To the east side of Silverknowes Road lies the Silverknowes Golf Club and 18 hole golf course, operated by Edinburgh Leisure. The clubhouse and sports pavilion, designed by Alan Reiach & Partners, was built in 1964 and the course stretches to the beach.

== Education ==

Most of the neighbourhood lies in the catchment area for Davidson's Mains Primary School and the Royal High School in Barnton, the 28th oldest school in the world, dating back to 1128.

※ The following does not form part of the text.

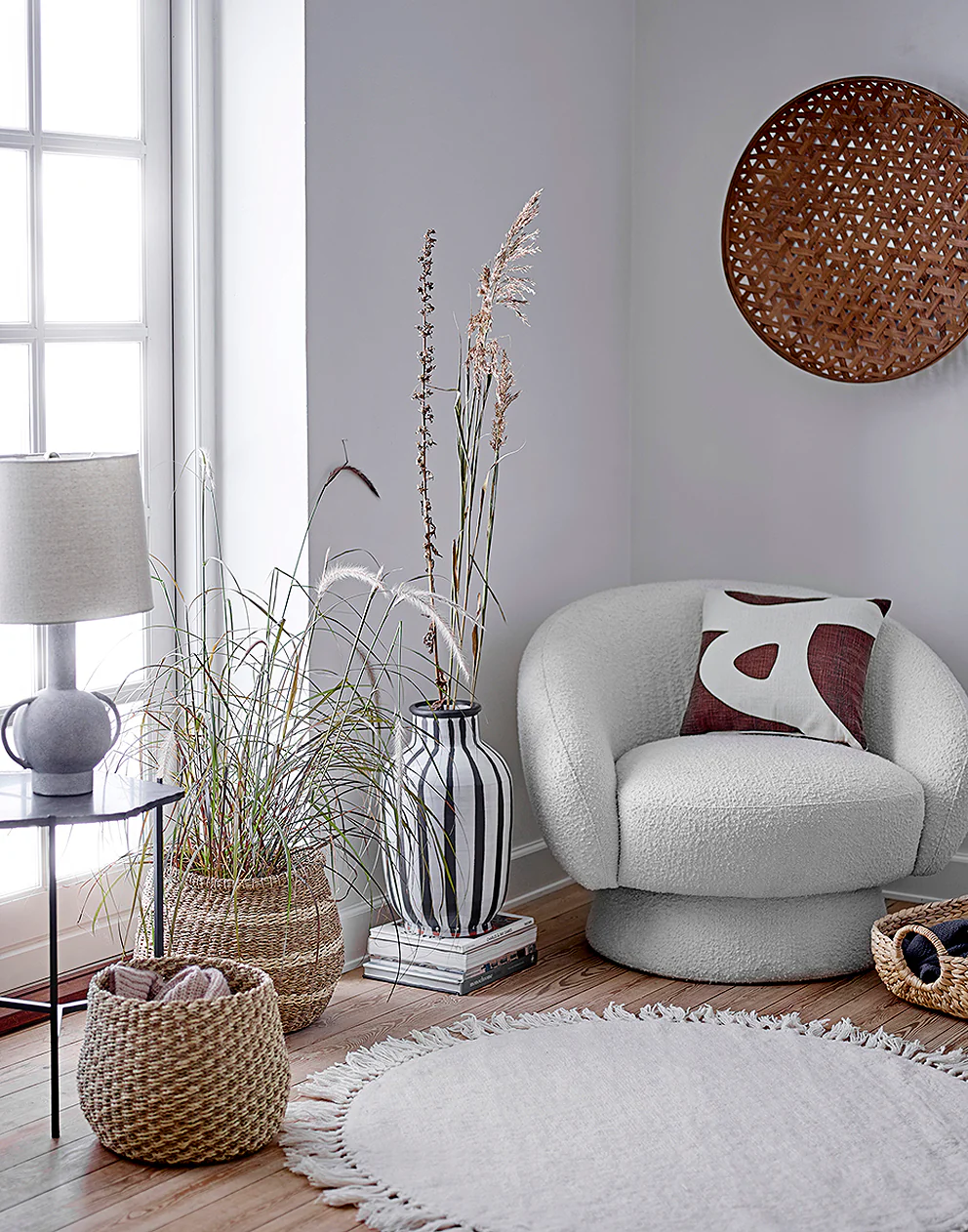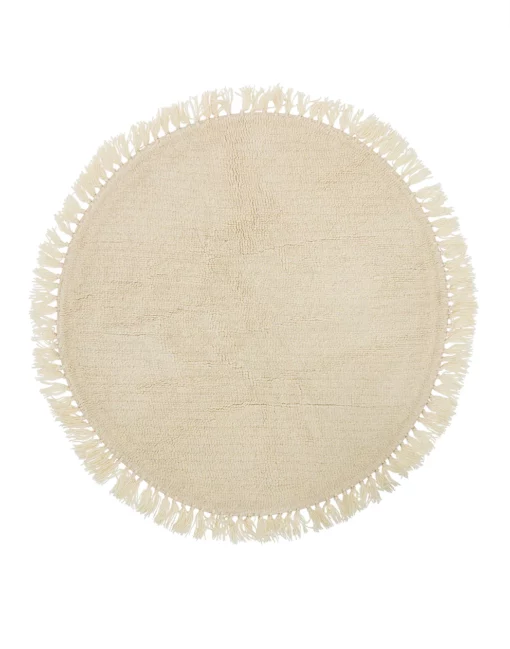 Round rug in cream with fringing.

After the merger of Silverknowes Primary with Muirhouse Primary, the former's land was developed as housing, and now has the address of Silverknowes Eastway. This area falls within the catchments of Craigroyston Primary and Craigroyston Community High School.

== Transport links ==

The following Lothian Buses link Silverknowes to Edinburgh city centre and beyond:

| Operator | Service | Destination | Daytime interval |
|---|---|---|---|
| Lothian | 16 | Torphin | 12 min |
| Lothian | 27 | Hunter's Tryst | 15 min |
| Lothian | 29 | Gorebridge | 20 min |
| Lothian | 37 | Penicuik | 15 min |

== Boundary change ==

In 2006, there were plans to place Silverknowes in the new "Forth" local authority voting ward. This outraged residents, who felt it would lead to the breakup of Davidson's Mains as a community. Over 600 objections were sent by members of the community and various local establishments, and Silverknowes became part of "Almond" ward alongside Davidson's Mains, Barnton and Cramond. The area is served by the Davidson's Mains and Silverknowes Association and four City of Edinburgh Councillors, MSP for Edinburgh West and MP for Edinburgh West.